## Problem requirements
Please return the listing exactly as written, but without its pictures.

## Available data

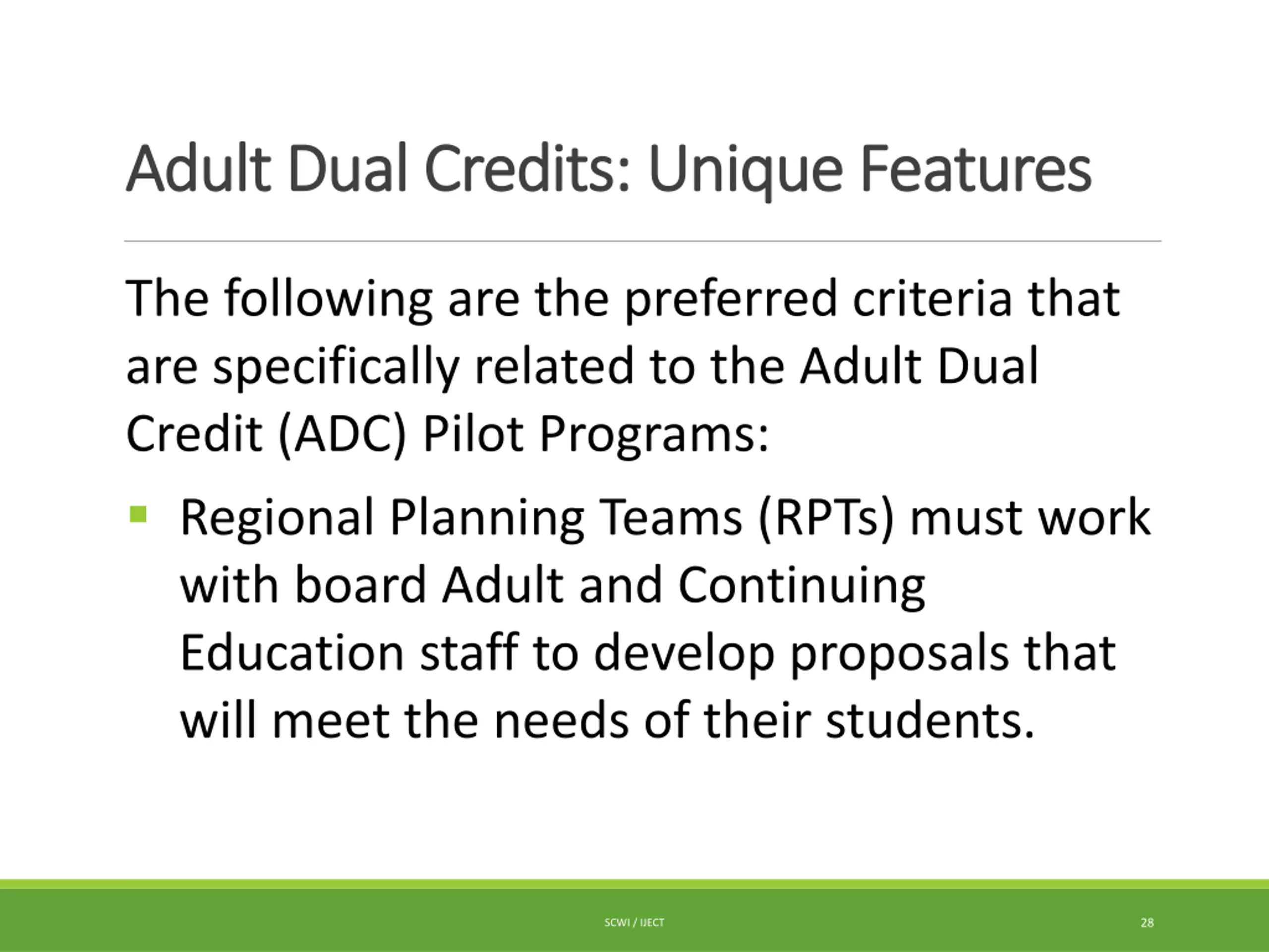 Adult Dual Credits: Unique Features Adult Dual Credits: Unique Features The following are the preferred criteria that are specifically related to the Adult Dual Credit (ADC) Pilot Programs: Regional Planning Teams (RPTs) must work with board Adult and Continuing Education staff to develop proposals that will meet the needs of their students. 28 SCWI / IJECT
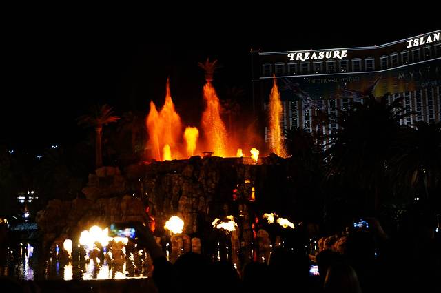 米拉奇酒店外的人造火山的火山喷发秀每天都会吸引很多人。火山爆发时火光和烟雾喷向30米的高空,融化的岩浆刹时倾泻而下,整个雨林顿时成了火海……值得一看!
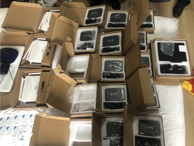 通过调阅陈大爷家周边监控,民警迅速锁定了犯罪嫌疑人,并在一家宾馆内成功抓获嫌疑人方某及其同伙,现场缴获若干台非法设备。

## Written solution
 Adult Dual Credits: Unique Features Adult Dual Credits: Unique Features The following are the preferred criteria that are specifically related to the Adult Dual Credit (ADC) Pilot Programs: Regional Planning Teams (RPTs) must work with board Adult and Continuing Education staff to develop proposals that will meet the needs of their students. 28 SCWI / IJECT
 米拉奇酒店外的人造火山的火山喷发秀每天都会吸引很多人。火山爆发时火光和烟雾喷向30米的高空,融化的岩浆刹时倾泻而下,整个雨林顿时成了火海……值得一看!
 通过调阅陈大爷家周边监控,民警迅速锁定了犯罪嫌疑人,并在一家宾馆内成功抓获嫌疑人方某及其同伙,现场缴获若干台非法设备。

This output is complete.